I want to believe her, but my mind’s already spinning. Every piece of my life just rearranged itself in the span of a heartbeat.
And underneath it all, a colder fear settles in. This will look too familiar. Declan once married because he had to, not because he wanted to. I know he loves me, but what if this feels like déjà vu, history repeating, me becoming the reason he feels cornered again?
Kristy stays for a while. We sit on the couch, the test face down on the coffee table like it might explode if either of us looks at it again.
She finally exhales, rubbing her palms on her jeans. “You know you have to tell him, right?”
“I know.” The words scrape out of me. “I just… I don’t even know how.”
“Start with the truth,” she says gently. “You two already did the hard part—falling for each other when you weren’t supposed to. This is just another curveball.”

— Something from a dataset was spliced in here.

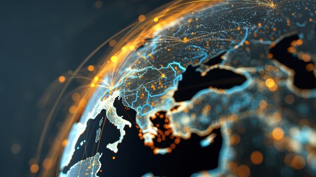 Futuristic Global Network with Glowing Connections Over Dark Background in 3D Earth Representation
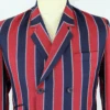 ‘BACKBEAT’ MENS RETRO SIXTIES BLOCK STRIPE BOOTCUT MOD TROSUERS by MADCAP ENGLAND – Mens red and navy Retro block stripe trousers, cleverly separated by off white and sky pinstripes. Horizontal jetted pockets to front and button down jet pockets to reverse. Mod double button waistband. Bootcut bottoms with a contrast diagonal stripe finish to create a Vintage textured look.

I let out a breath that feels too big for my chest. “He’s finally recovered. He’s about to play in the Final. We never talked about kids. This could wreck everything.”
Kristy shakes her head, quiet for a moment. “Or it could just change everything. There’s a difference.”
Her phone lights up with a reminder. “I’ve got clients here in a few, but you call me the second you need anything, okay? Literally anything.”
I nod, trying to smile. “I know. Thanks, Kris.”
She hugs me tight, whispering, “You’ve got this, Char. It’s going to be okay,” before heading out.
When the door closes, the silence feels deafening.
I pick up my mug, trying to drink the coffee she poured earlier, but the smell hits me before I can even take a sip, bitter and heavy. My stomach turns. I set it down fast and grab a glass of water instead, taking slow sips until the nausea eases.
I grab my phone, scrolling through email just to have something to do. Anything to distract myself.
And there it is.
HR Compliance: Relationship Disclosure Review Complete.
I open it, heart pounding as I skim the lines.
The email is short and clinical: review complete, no conflicts found. It confirms what we’d already planned. If Declan ever gets hurt again, Patel or Dan will handle it, not me. And just like that, we’re officially cleared to make our relationship public.
I let out a shaky laugh.
There’s something painfully ironic about it. Declan and I are finally legitimate on paper, yet I’m holding a secret that could change everything.
It should feel like relief. Instead, my mind won’t stop spinning.
What if he doesn’t want more kids?
What if this derails everything: his playoff run, his focus, us?
What if this is too much, too soon?
I set the phone down and press a hand to my stomach. It’s barely real yet, but already feels monumental: fragile and terrifying and beautiful all at once.
My phone buzzes with another text.
When I see it’s from Declan, my stomach flips. For a split second, it steadies me, like maybe everything’s still normal.
But the feeling fades as fast as it comes, swallowed by the weight of what he doesn’t know yet.
Just saw the HR email. Finally official.
Been thinking about you all day. Can I stop by later to celebrate?
My pulse stumbles.
I stare at the words, thumb hovering. I want to see him—God, I do—but I can’t even breathe past the what-ifs.
Still, I type: Sure. And hit send.
I set my phone down beside the test. I rest my head against the back of the couch.
Please let me find the right words before he gets here.